■ MATERIAL FOR THIS EXERCISE
::::
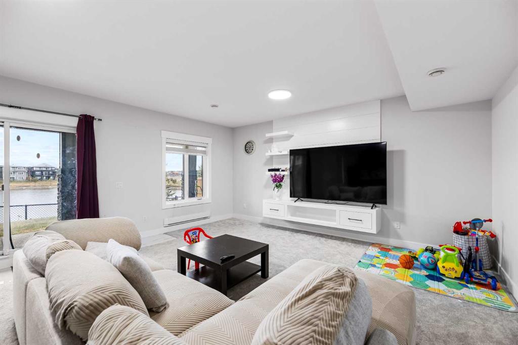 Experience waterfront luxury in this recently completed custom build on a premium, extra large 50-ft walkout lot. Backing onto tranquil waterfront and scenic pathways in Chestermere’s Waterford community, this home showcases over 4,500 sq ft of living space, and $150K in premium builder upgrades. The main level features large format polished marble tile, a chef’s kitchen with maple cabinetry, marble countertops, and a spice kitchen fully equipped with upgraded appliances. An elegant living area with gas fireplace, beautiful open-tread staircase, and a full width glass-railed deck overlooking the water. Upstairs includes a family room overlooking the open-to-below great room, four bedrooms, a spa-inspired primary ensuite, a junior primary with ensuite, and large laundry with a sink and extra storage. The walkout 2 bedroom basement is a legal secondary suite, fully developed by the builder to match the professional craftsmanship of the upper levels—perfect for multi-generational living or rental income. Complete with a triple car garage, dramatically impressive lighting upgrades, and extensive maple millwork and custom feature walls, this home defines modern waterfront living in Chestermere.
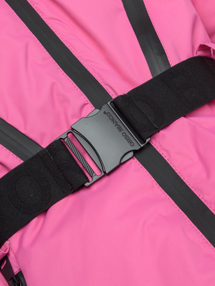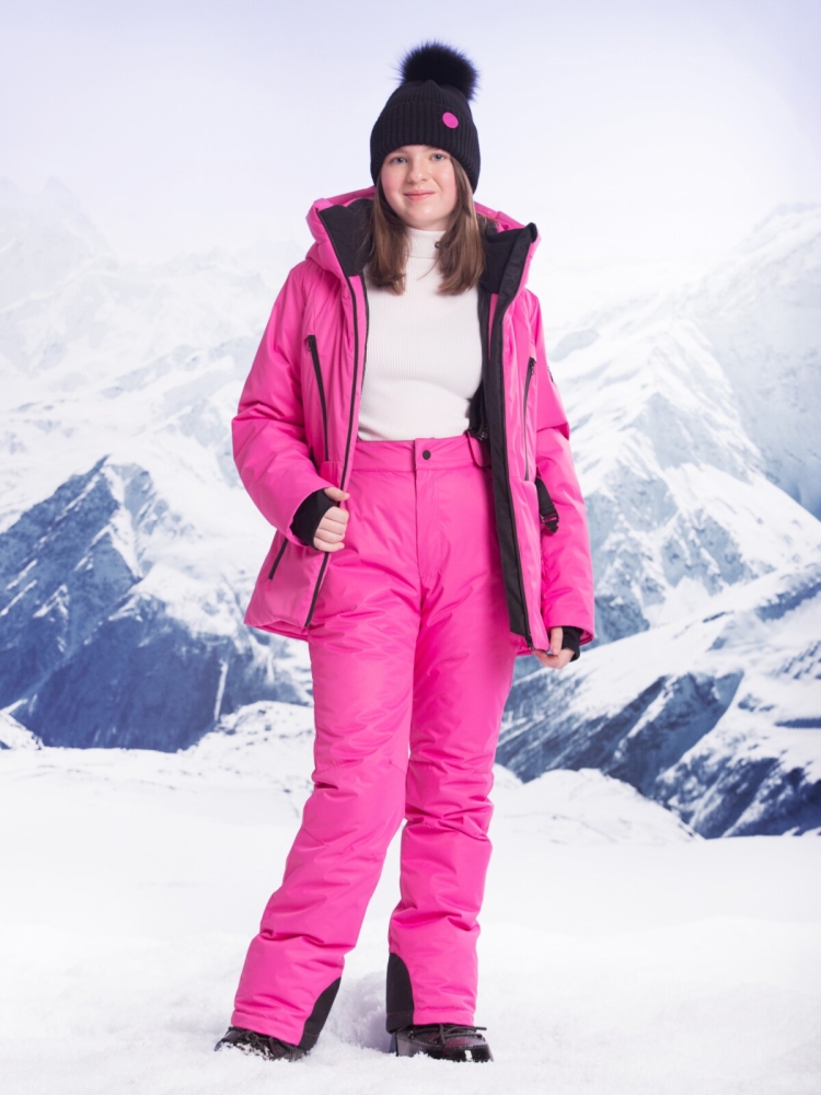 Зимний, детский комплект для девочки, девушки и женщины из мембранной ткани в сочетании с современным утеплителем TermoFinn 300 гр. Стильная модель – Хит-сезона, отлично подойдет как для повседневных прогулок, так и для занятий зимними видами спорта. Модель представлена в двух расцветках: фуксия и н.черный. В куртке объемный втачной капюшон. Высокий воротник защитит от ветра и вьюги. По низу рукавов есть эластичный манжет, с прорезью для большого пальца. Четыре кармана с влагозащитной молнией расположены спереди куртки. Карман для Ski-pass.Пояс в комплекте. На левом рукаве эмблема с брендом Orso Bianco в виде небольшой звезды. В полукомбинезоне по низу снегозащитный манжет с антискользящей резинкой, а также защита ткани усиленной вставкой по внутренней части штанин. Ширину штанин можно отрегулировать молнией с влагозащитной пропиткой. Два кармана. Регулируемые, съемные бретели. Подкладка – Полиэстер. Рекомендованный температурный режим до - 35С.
::::
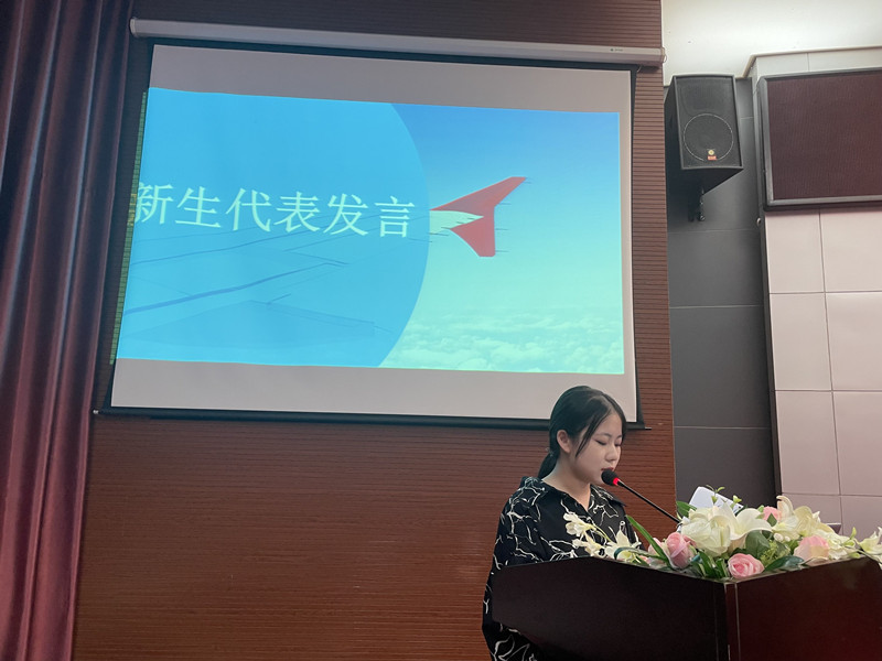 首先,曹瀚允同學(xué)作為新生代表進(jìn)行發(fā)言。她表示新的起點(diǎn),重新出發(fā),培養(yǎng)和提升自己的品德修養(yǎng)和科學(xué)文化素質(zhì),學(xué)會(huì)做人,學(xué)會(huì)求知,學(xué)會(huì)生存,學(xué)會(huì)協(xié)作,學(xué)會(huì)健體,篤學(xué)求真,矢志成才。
::::
■ YOUR GOAL
Print from the line containing "Experience waterfront luxury" through the line containing "Зимний, детский комплект" in the data above, exactly as the lines stand, and omit every picture.

■ RESULT FOR THIS TASK
 Experience waterfront luxury in this recently completed custom build on a premium, extra large 50-ft walkout lot. Backing onto tranquil waterfront and scenic pathways in Chestermere’s Waterford community, this home showcases over 4,500 sq ft of living space, and $150K in premium builder upgrades. The main level features large format polished marble tile, a chef’s kitchen with maple cabinetry, marble countertops, and a spice kitchen fully equipped with upgraded appliances. An elegant living area with gas fireplace, beautiful open-tread staircase, and a full width glass-railed deck overlooking the water. Upstairs includes a family room overlooking the open-to-below great room, four bedrooms, a spa-inspired primary ensuite, a junior primary with ensuite, and large laundry with a sink and extra storage. The walkout 2 bedroom basement is a legal secondary suite, fully developed by the builder to match the professional craftsmanship of the upper levels—perfect for multi-generational living or rental income. Complete with a triple car garage, dramatically impressive lighting upgrades, and extensive maple millwork and custom feature walls, this home defines modern waterfront living in Chestermere.
 Зимний, детский комплект для девочки, девушки и женщины из мембранной ткани в сочетании с современным утеплителем TermoFinn 300 гр. Стильная модель – Хит-сезона, отлично подойдет как для повседневных прогулок, так и для занятий зимними видами спорта. Модель представлена в двух расцветках: фуксия и н.черный. В куртке объемный втачной капюшон. Высокий воротник защитит от ветра и вьюги. По низу рукавов есть эластичный манжет, с прорезью для большого пальца. Четыре кармана с влагозащитной молнией расположены спереди куртки. Карман для Ski-pass.Пояс в комплекте. На левом рукаве эмблема с брендом Orso Bianco в виде небольшой звезды. В полукомбинезоне по низу снегозащитный манжет с антискользящей резинкой, а также защита ткани усиленной вставкой по внутренней части штанин. Ширину штанин можно отрегулировать молнией с влагозащитной пропиткой. Два кармана. Регулируемые, съемные бретели. Подкладка – Полиэстер. Рекомендованный температурный режим до - 35С.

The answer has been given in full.